OdpowiedzUsuńCo do rozdziału, to jak zawsze świetny! Jestem ciekawa, co dalej!
Świetny rozdział :)
OdpowiedzUsuńGratuluję zostania ciocią.. Po raz drugi ;>
Zostałaś nominowana do nagrody Liebster Award na moim blogu;)
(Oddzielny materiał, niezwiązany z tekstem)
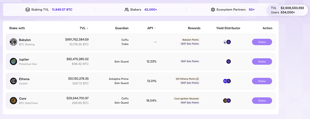 Solv Protocolは、ステーキング、トークンの発行、報酬分配などのプロセスを自動化するスマートコントラクトに大きく依存しています。

OdpowiedzUsuńSzczegóły znajdziesz tutaj: http://klaroline-forever.blogspot.com/
Powodzenia;)
Zapraszam ciebie na kolejny rozdział na: http://slodkieslowka.blogspot.com/2012/11/szoste-sowko.html
OdpowiedzUsuńLiczę, że wpadniesz.
Bardzo wciągający rozdział. :)
Najbardziej podobał mi się sen Rose. Bardzo fajnie go opisałaś.
Coś mi nie pasuje z Felixem, czyżby on coś miał do Rosemare? :D
Czekam na kolejny!
Pozdrawiam! :)
Ten komentarz został usunięty przez administratora bloga.